この屋敷で、アーシュラは毎日心細くて泣いていた。
食べ物は、全て森の中で調達できた。サバイバルな母親は、何かあった時のために、自分に生きる術を叩き込んでいったのだ。だけど、彼の孤独感は半端なものではなかった。
まだ年端もいかない子供が、たったひとりで生きていく・・・。
その恐ろしさに、アーシュラはいつも戦っていたのだ。
ところがある日、ひとりの男がこの屋敷にやってきた。
精悍で野性味の溢れるひとりの若者。
いつもは知らない人間には警戒心を持つアーシュラだったが、長い孤独のせいか、はたまたその青年の思いのほか情愛のある瞳のせいか、素直に彼の訪問を受け入れた。
(お前はゼムカの子だぞ)
彼は言った。
(俺はお前を捜していた。たったひとりで寂しかったろう?もう大丈夫だ)
(ぼくがゼムカの子?)
(そうだよ、お前の仲間が沢山待っている。俺と共に来い。そして、お前は俺といつも一緒にいるんだ)
あの時からアーシュラは彼のために生きることを決めた。
あの人が孤独だった自分を救ってくれたのなら、自分は彼の傍にいて、ずっとお守りするんだ。
そしてあの人がゼムカの頂点に立った時は、自分のごとく誇らしかった。
ザイゼムのたっての要望で、自分は聖天風来寺に入って修行もさせて貰えた。
私の王よ・・・。
この忠誠心は生涯変わらないだろう。
だが、個人的な感情では、アーシュラの気持ちはかなり揺らいでいたのだ。
それはキイの存在だった。
今更ながら・・・。
アーシュラは自嘲した。
自分はあの汚らわしい馬賊の奴らにあいつを渡したくないだけだった。
もちろん他にも事情があったが、ザイゼムの思惑と、自分の個人的感情も一致して、奴らからキイを強奪してやった。
美しいキイ。
自分は自分のできる事で、彼を守ってやりたかったのだ。
だが・・・・。嫌な予感はしていたんだ。
あの誰にでも執着しない・・・・、お気に入りは傍に侍らす人だが・・・深い所での愛という対象という意味で、全く誰にも心を動かされた事のないあの人の、初めてキイを見た瞳の輝き。
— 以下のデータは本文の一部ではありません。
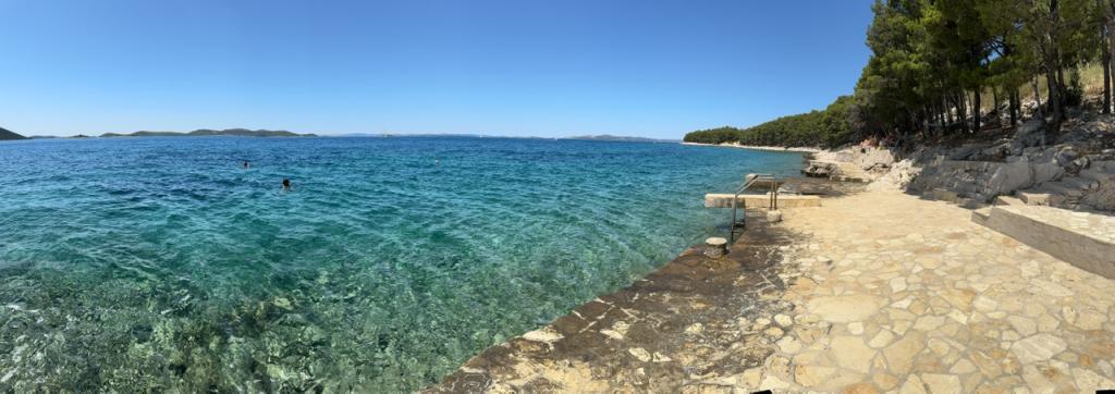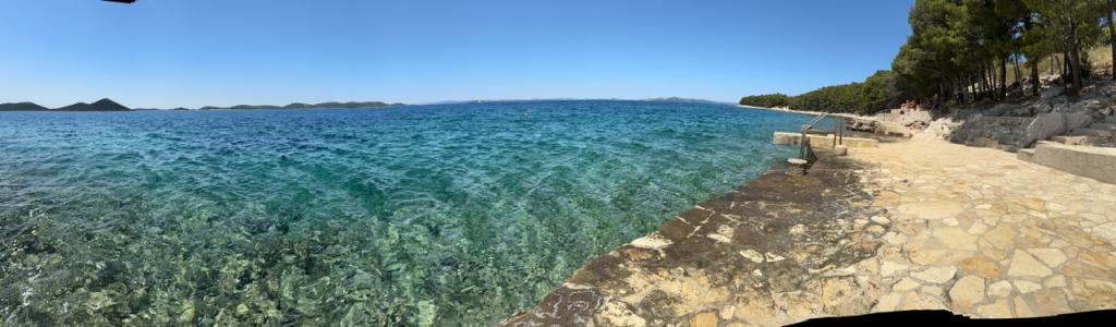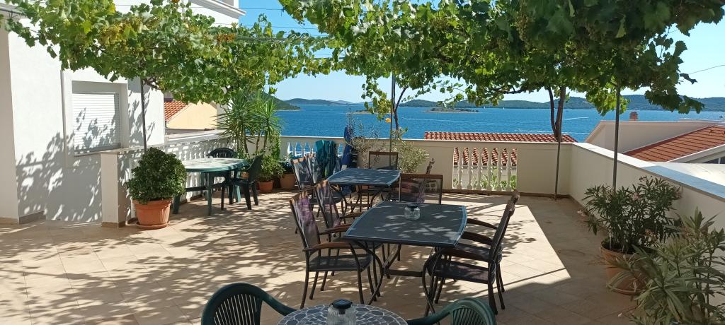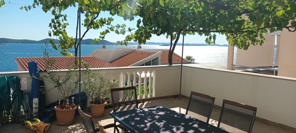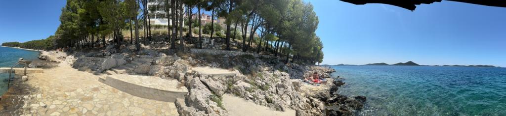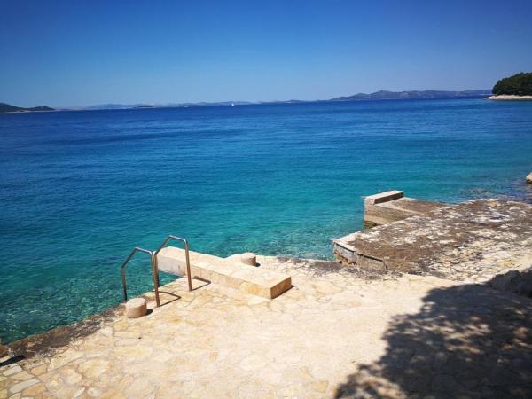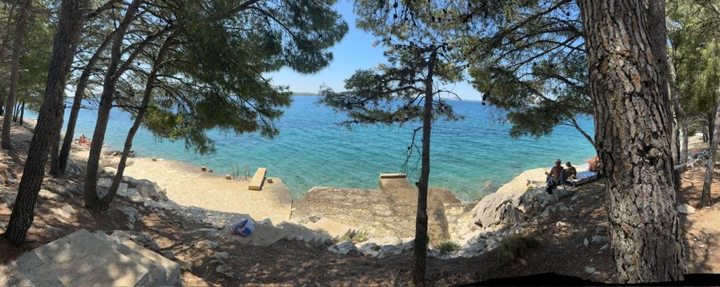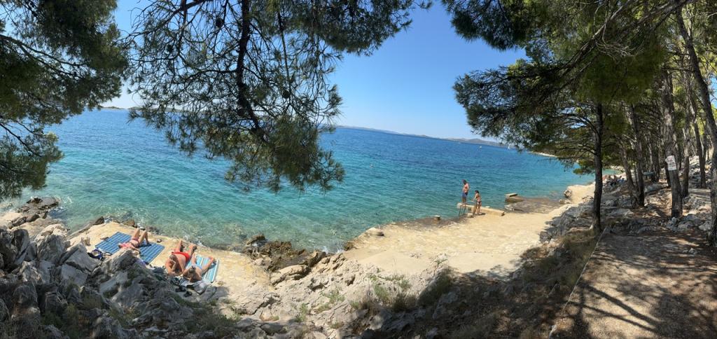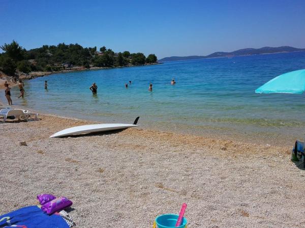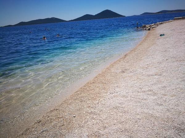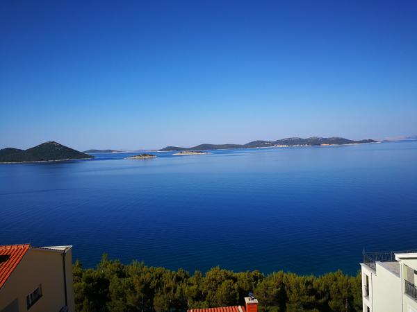 Die komplett und modern ausgestatteten Apartments befinden sich in einem neu gebauten Haus im ruhigsten Teil der Bucht, nur 30 m vom Meer entfernt. Eine echte Oase der Ruhe und Stille mit kristallklarem Meer. Vom Haus zu unserem gepflasterten Strand können Sie die Treppe direkt hinuntergehen. Der Strand befindet sich in unmittelbarer Nähe eines Kiefernwaldes mit Liegewiesen. In den benachbarten Buchten gibt es zwei größere Kieselstrände und viele kleinere und größere gepflasterte und felsige Strände. Alle Apartments bieten einen herrlichen Blick auf das Meer (Kornati-Archipel). Das Haus verfügt außerdem über eine große Gemeinschaftsterrasse (100 m²) mit Steingrill und herrlichem Meerblick. Wir haben eine Garage für 4 Autos und 4 Parkplätze neben dem Haus. Möglichkeit zu Spaziergängen im Kiefernwald auf dem gepflegten, abends beleuchteten Weg am Meer. Ein 15-minütiger Spaziergang bringt Sie zum Geschäft und Restaurant.

アーシュラの心の地獄はそこから始まったのかもしれない。
アーシュラは、まるで死んだように眠る愛しい顔を、一晩中ずっと目を離す事ができないでいた。
それにしても、あのアムイに仲間がいたとは・・・・。
アーシュラにはそれが意外だった。
何年ぶりかで再会した、憎らしい男の顔。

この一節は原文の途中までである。